I had a conversation with a friend and fellow intern of mine the other day about how much more we feel we’ve learned in graduate school (two years) already than in undergraduate school (four years). I’m nearing the end of my first year, and I am amazed at the arc of my own understanding and progress within the broader International Studies field. If you’ve been reading this blog, you know I attended a private liberal arts school for undergrad and that I primarily studied English, French, and Spanish. I had a certificate in International Studies, which taught me a great deal, but my exposure to the current discourses–in Human Rights, in Development, in Security, and in International Affairs more generally–was pretty limited. After being at Korbel for just one year, I’m astounded at how much more I feel I know. I think back to last Fall and how nervous I was to speak up in class, and how (in some ways) unqualified I felt to make assertions or predictions or any kind of definitive statement about politics, the global economy, Africa, food security, anything, and I am really proud of how much more confident and assured I feel about what I know at this point. And I have felt the effects of my education not only on an intellectual or academic level, but on a deeply personal level as well. I’m sure I speak for many more of my fellow students when I say that studying this field impacts the choices you make in your everyday life and shapes how you interact with others. I am more aware of my purchasing power, and try to consciously avoid buying products manufactured or distributed by companies that I know have been involved in human rights abuses. For example, I won’t eat at Chick-fil-a (or however the hell you spell it) and I won’t buy Chiquita bananas because of the way they treat their laborers. I try to bike or walk whenever I can because it’s better for the environment, and I know that as global warming continues to escalate, the world’s poor are going to be the most affected–they will be the ones paying for our mistakes. It sounds silly, actually, as a laundry list of “good Samaritan” duties, but the broader point of how these things I’m learning are bleeding into my personal life is the one I am trying to make. It’s a good thing.

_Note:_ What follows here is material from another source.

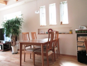 ▲ダイニングにも窓をたくさん設け、明るくておしゃれな空間に窓の下には小物が飾れるニッチも

This upcoming week is Week 8, meaning it’s go time for real…Spring quarter is a little longer than Fall and Winter, so we actually technically have eleven weeks, ten of which are classes and one of which is finals. So I have three weeks to finish everything I need to do, and I am going to try REALLY hard to get it all done in two weeks so that I can have a week of vacation before my new internship, etc. begins. Things to do: 10-15 page paper on food security and nutrition in Ethiopia for my Health and Development class (already have about 5 pages). Subsequent presentation. Edit my section of the group paper for East African Development and Human Rights, and do a group presentation. Edit my draft of a paper on human rights regimes in India for Human Rights Research and Design, and write ten more annotations. 25 page paper on a TBD topic for International Humanitarian Law of Armed Conflict. Last bout of readings for class. I can TOTALLY do this. Thanks for reading, folks…happy almost summer!

Week 4-5 Update

Just made it through Week 4, which actually felt more like Week 9 in terms of workload…I had a paper and major project due consecutively for my two most difficult classes, plus a ton of reading that had been assigned for that week. So needless to say, I was very happy when Friday rolled around. I spent the weekend sleeping and making pesto (fun green goodness!) and doing homework assignments for the coming week. Weirdly enough, it snowed Monday through Wednesday of last week, and is supposed to be snowing again tomorrow and possibly Tuesday. That is definitely one marked difference between Denver and the East Coast…it snows a LOT during the winter back East, but it’s pretty much done by April. Here, it snows periodically during the winter and is nice most of the time, but we apparently get random one or two-day snowstorms well into the Spring. Beeee-czar. Bizarre.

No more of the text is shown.